→ **Records for this exercise**:
--- START ---

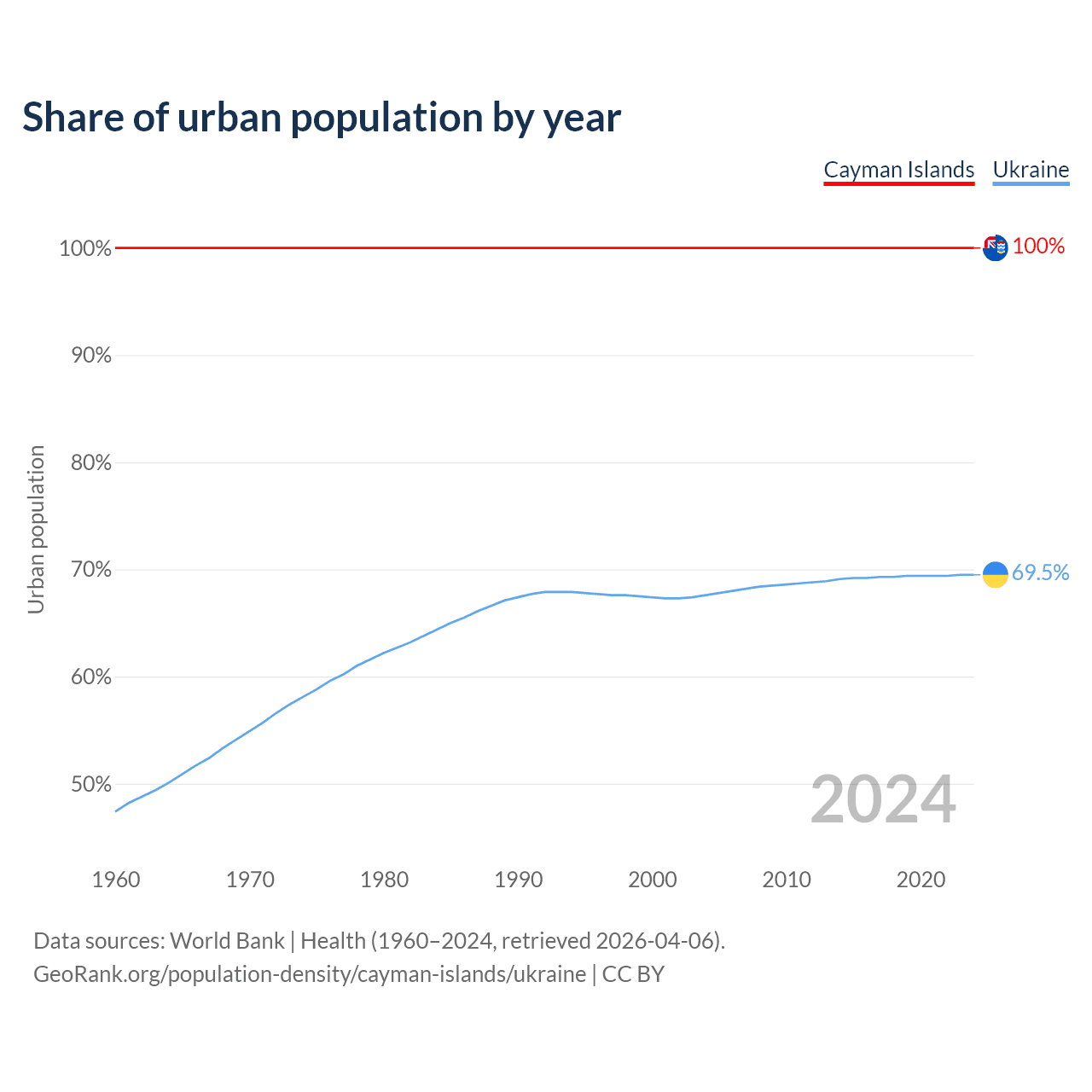 From 2004 to 2024, the share of urban population changed from 100% to 100% in the Cayman Islands and from 67.6% to 69.5% in Ukraine.
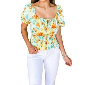 DETAILS: Short sleeve. Square neck. Tie detail. Puff sleeves. Floral patterns. Pull on. 100% Lyocell.
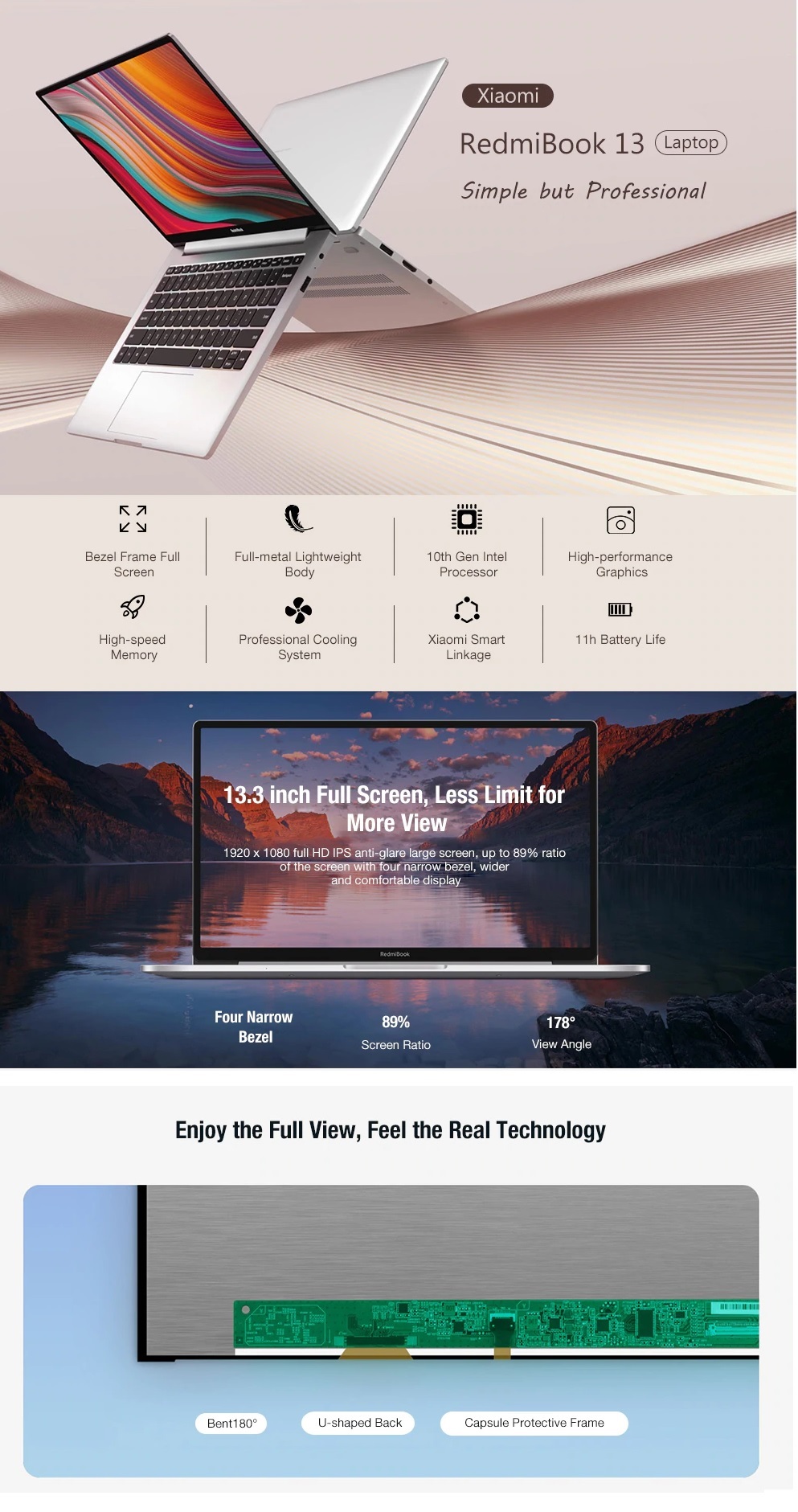 Đúng như tên gọi màn hình của chiếc redmibook 13 có kích thước 13.3 inch IPSđộ phân giải FHD. Màn hình của chiếc Redmibook 14 chiếm đến 89% diện tích của mặt trước, để làm được điều này hãng xiaomi đã thiết kế viền màn hình của chiếc Redmibook 13 siêu mỏng.
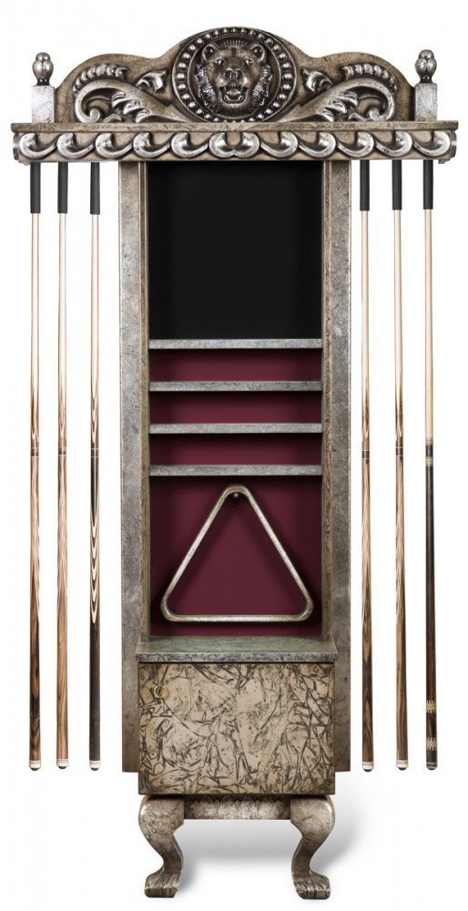 Модель настенная, предназначена для 6 киев, позволяет разместить треугольник, мелки, а также бильярдные шары. Материал клен. Есть возможность выбрать цвет из палитры Фабрики «Старт» Количество киев: 6 Высота: 2345 мм Ширина: 1200 мм Глубина: 300 мм Материалы: клён Выкраска: Авторское патинирование, червленая серебряная поталь
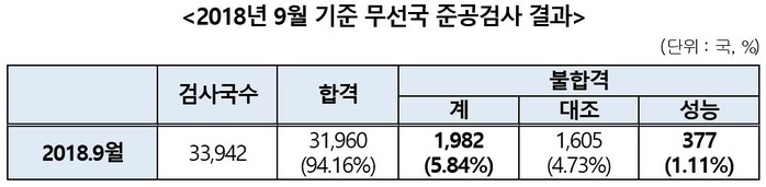 전체 검사 대상 무선국 113개 중 29.2%인 33개 무선국이 불합격했다. KT는 108개 무선국 중 대조검사에서 불합격한 무선국이 16개(14.8%)로 확인됐고 SK텔레콤은 196개 무선국 중 18개(9.2%) 무선국이 대조검사에서 불합격했다.
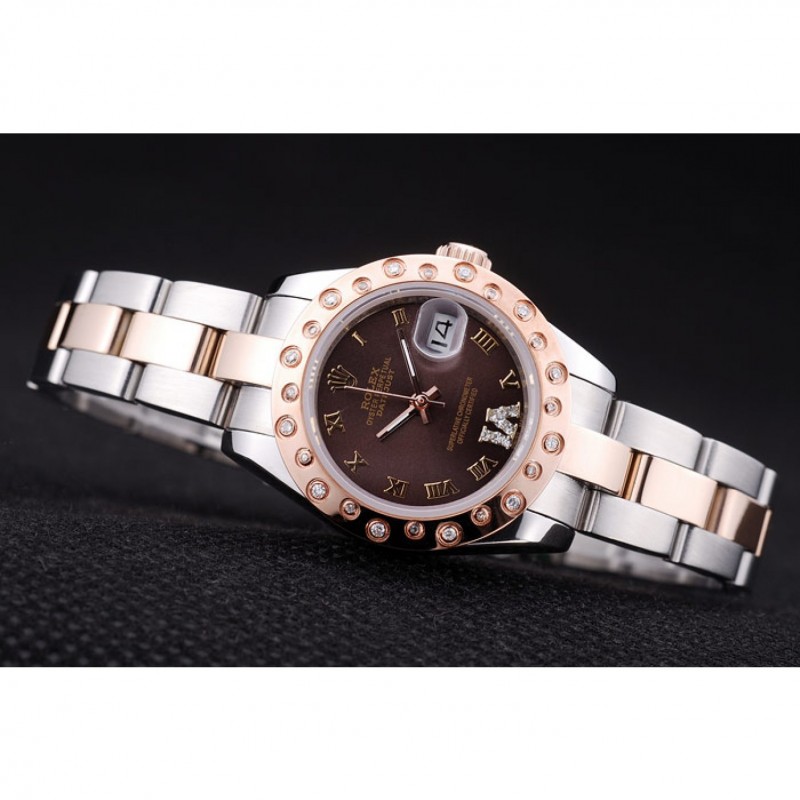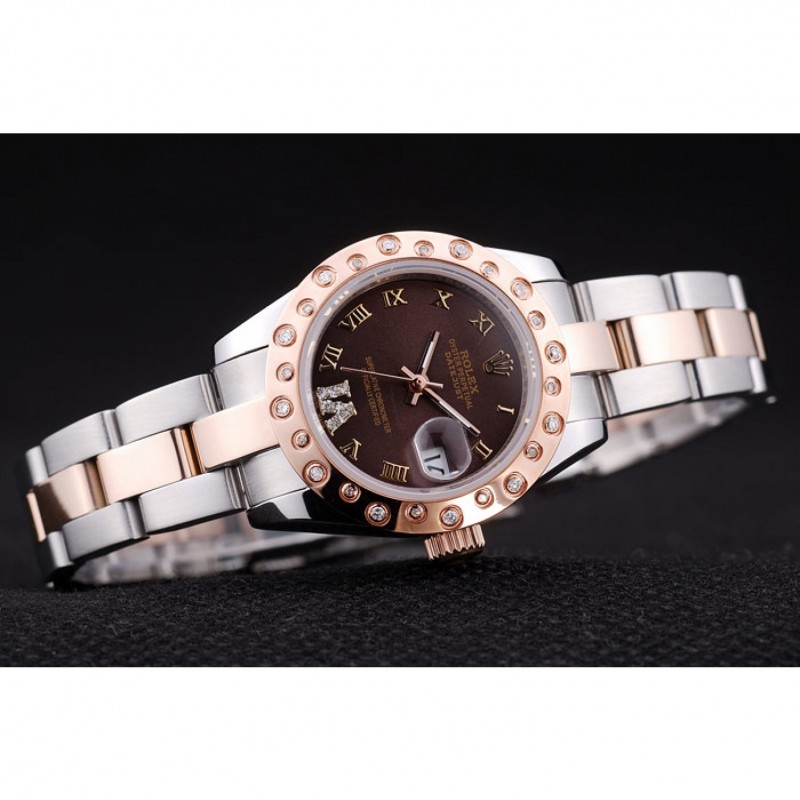 Gama alta Los diamantes de Louis Vuitton Rose oro pulido Bisel Brown Dial 7475

--- END ---

→ **Work instruction**: Your task is to retype all the entries exactly and leave out any pictures.

→ **Finished task**:
 From 2004 to 2024, the share of urban population changed from 100% to 100% in the Cayman Islands and from 67.6% to 69.5% in Ukraine.
 DETAILS: Short sleeve. Square neck. Tie detail. Puff sleeves. Floral patterns. Pull on. 100% Lyocell.
 Đúng như tên gọi màn hình của chiếc redmibook 13 có kích thước 13.3 inch IPSđộ phân giải FHD. Màn hình của chiếc Redmibook 14 chiếm đến 89% diện tích của mặt trước, để làm được điều này hãng xiaomi đã thiết kế viền màn hình của chiếc Redmibook 13 siêu mỏng.
 Модель настенная, предназначена для 6 киев, позволяет разместить треугольник, мелки, а также бильярдные шары. Материал клен. Есть возможность выбрать цвет из палитры Фабрики «Старт» Количество киев: 6 Высота: 2345 мм Ширина: 1200 мм Глубина: 300 мм Материалы: клён Выкраска: Авторское патинирование, червленая серебряная поталь
 전체 검사 대상 무선국 113개 중 29.2%인 33개 무선국이 불합격했다. KT는 108개 무선국 중 대조검사에서 불합격한 무선국이 16개(14.8%)로 확인됐고 SK텔레콤은 196개 무선국 중 18개(9.2%) 무선국이 대조검사에서 불합격했다.
 Gama alta Los diamantes de Louis Vuitton Rose oro pulido Bisel Brown Dial 7475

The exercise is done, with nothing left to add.